Andre Ward said Bernard Hopkins "took a young fighter to school" in Tavoris Cloud, that Guillermo Rigondeaux "boxed beautifully" against Nonito Donaire, and that Floyd Mayweather Jr. "re-invented himself" against Robert Guerrero.
RING and WBA super middleweight champion Andre Ward shared his thoughts on the recent one-sided boxing performances of Bernard Hopkins, Guillermo Rigondeaux and Floyd Mayweather Jr. during an interview with RingTV.com.
Hopkins (53-6-2, 32 knockouts) has agreed to make the first defense of the belt he won from Tavoris Cloud by unanimous decision in March against mandatory challenger Karo Murat on July 13.
The win over Cloud extended the 48-year-old Hopkins' own record as the oldest man to win a significant crown, a feat the Philadelphia native accomplished at the age of 46 with a unanimous decision over Jean Pascal, in Pascal's country of Canada, for the WBC's light heavyweight belt.
In April, junior featherweight champion Guillermo Rigondeaux (12-0, 8 KOs) came up with a unanimous decision over Nonito Donaire, earning the RING, WBA and WBO championships. A two-time Olympic gold medalist, Rigondeaux won by scores of 114-113, 115-112, 116-111. RingTV.com had it for Rigondeaux, 117-110.
On May 4, Mayweather (44-0, 26 KOs) ended a nearly one-year layoff with a unanimous decision over Robert Guerrero in defense of his WBC welterweight belt, earning the RING championship in the process. Floyd Mayweather Sr. worked as trainer for his son for the first time in just over 13 years against Guerrero, apparently ending a widely-reported turbulent relationship.
Ward, meanwhile, has targeted a September return to the ring after having successfully undergone surgery in early January to repair his injured right shoulder, and has listed former WBC middleweight titleholder Julio Cesar Chavez Jr. among potential opponents.
Below are Ward's comments on Hopkins, Rigondeaux and Mayweather.
Hopkins, Rigondeaux and Floyd Mayweather.

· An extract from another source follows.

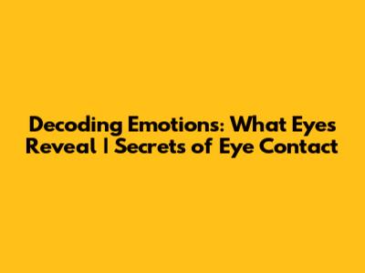 Decoding Emotions: What Eyes Reveal | Secrets Of Eye Contact

"Hopkins, you know, did what Hopkins has been doing. You know, he took a young fighter to school, period. So you've got to take your hat off to him for that."
"Against Rigondeaux, I think that Nonito got caught up in looking for one big shot. Rigondeaux, though, I think that you have to take your hat off to him because he boxed beautifully. I think that the most impressive thing from Rigondeaux is the way that he was able to take a shot and respond back, because there were certain moments in that fight with Nonito where Nonito would hit him, and I'm thinking, in my mind, 'Okay, it won't be long.'
"But Rigondeaux ate the shot and came back. In a championship fight like that, that was a key moment. To stand your ground and to get your respect, and I think that he got his respect. But you have to take your hat off to Nonito as well, because he never stopped fighting. He kept coming, but it wasn't his night. I would like to see those guys bring it back.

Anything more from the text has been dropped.